The right time to measure anti-Xa activity in critical illness: pharmacokinetics of therapeutic dose nadroparin

• Published in: Research and practice in thrombosis and haemostasis Vol. 7; no. 4; p. 100185
• Main Authors: Sytema, Jelmer G., Loef, Bert G., Loovers, Harriët M., Boer, Marijn, Touw, Daniël J., van Hulst, Marinus
• Format: Journal Article
• Language: English
• Published: United States Elsevier Inc 01.05.2023; Elsevier
• Subjects: anti-Xa; critical illness; LMWH; low-molecular-weight heparin; nadroparin; Original Research; pharmacokinetics; anti-Xa; pharmacokinetics; LMWH; nadroparin; low-molecular-weight heparin; critical illness
• ISSN: 2475-0379; 2475-0379
• DOI: 10.1016/j.rpth.2023.100185

Peak anti-Xa activity of low-molecular-weight heparin nadroparin is measured 3 to 5 hours after subcutaneous injection.
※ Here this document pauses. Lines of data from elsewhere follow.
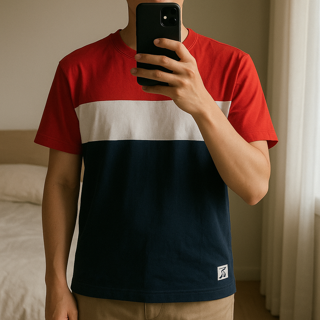 t-shirt debout, face à la caméra, dans une chambre à la lumière douce, avec une lumière naturelle filtrant par la fenêtre.
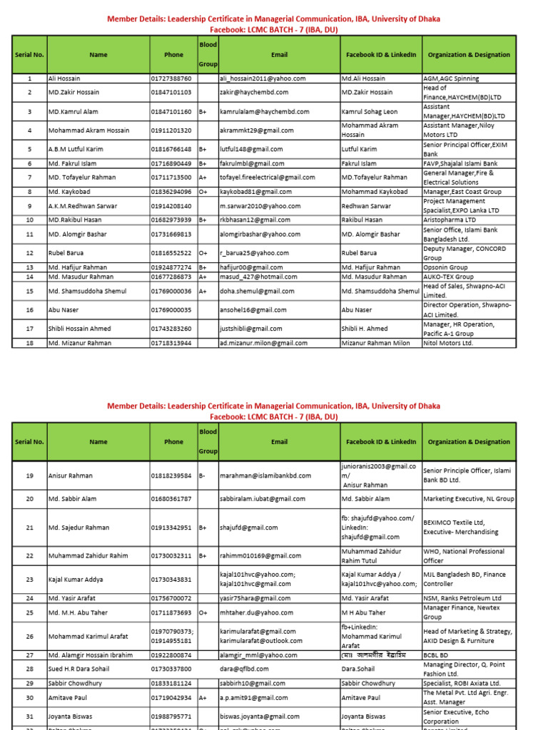 Serial No. Name Phone Email Facebook ID & LinkedIn Organization & Designation
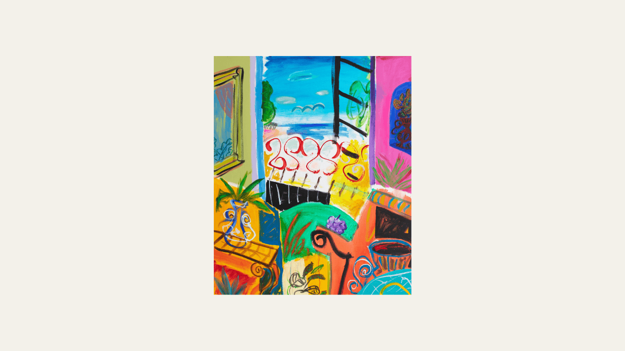 Watt's paintings blend structured form with raw emotion, producing works that are both architectonic and deeply human. Her figures and interiors are stylized yet spontaneous, imbued with rhythm and joy. Her artistic vocabulary draws from a rich lineage: he patterned surfaces of Gustav Klimt, the crisp stylization of Alex Katz, the flat yet expressive depth of Japanese woodblock prints, the sensuality of Gauguin's Tahitian women, and the Mediterranean light of David Hockney and Matisse. Her art is timeless, playful, and full of vitality. Watt favours acrylic paint, which allows for fast and spontaneous gestures. Transparent washes precede bold primary colours to create depth and vibrancy. Multiple motifs, all drawn from memory or imagination, are scattered throughout her work: highly stylized furniture; a picture within a picture; a torso â fragmented parts that, on their own, don't necessarily make sense, carefully placed to create a balanced whole.
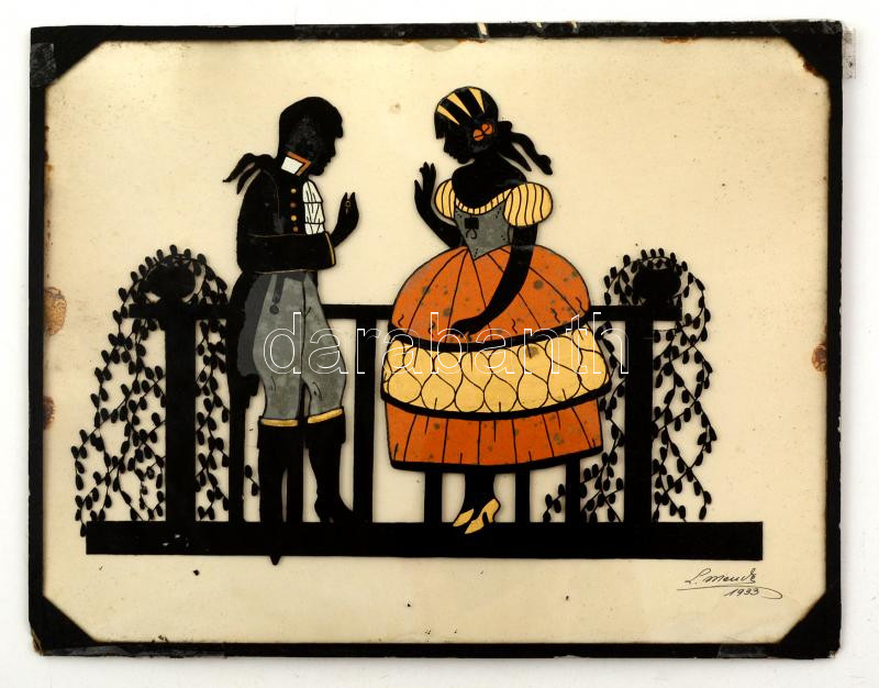 Leírás: Olvashatatlan jelzéssel: Udvarlás. Sziluett kép, kollázs, papír, üvegezett, apró hibákkal, 23×29 cm

In critically ill patients, physiological changes and medical therapies may result in peak activities before or after this interval, possibly impacting dosing. The primary objective was to determine the percentage of critically ill patients with adequately estimated peak activities drawn 3 to 5 hours after subcutaneous administration of a therapeutic dose of nadroparin. Adequate was defined as a peak activity of ≥80% of the actual peak anti-Xa activity. If ≥80% of patients had adequately estimated peak activities in the 3- to 5-hour interval, measurement in this interval was regarded as acceptable. The secondary objective was to determine the pharmacokinetic profile of nadroparin. In this single-center, prospective study, we evaluated anti-Xa activities in patients admitted to a general intensive care unit. After ≥4 equal doses of nadroparin, anti-Xa activity was measured according to a 12- to 24-hour sampling scheme. In 25 patients, anti-Xa activities drawn between 3 and 5 hours after administration ranged 80% to 100% of the actual peak activity. Compared to the threshold level of an adequate estimation in at least 20 patients (≥80%), measuring anti-Xa activities in the 3- to 5-hour interval is an acceptable method (1-tailed binomial test; P < .02). We found a large interindividual variability for nadroparin exposure (mean ± SD area-under-the-curve0-12h, 10.3 ± 4.8 IU·h/mL) and delayed elimination (t1/2 range, 4.0-120.9 hours) despite adequate renal function. In critically ill patients, measuring anti-Xa activity in a 3- to 5-hour interval after subcutaneous injection of therapeutic nadroparin is an acceptable method to estimate the actual peak anti-Xa activity. •In critically ill patients, measuring peak anti-Xa levels 3 to 5 hours after nadroparin injection may not be valid.•After ≥4 doses of nadroparin, anti-Xa was measured using a 12- to 24-hour sampling scheme.•Measuring anti-Xa levels 3 to 5 hours after injection is acceptable to estimate the peak anti-Xa levels.•Ultralong elimination half-lives up to 121 hours and 6-fold variation in exposure were found.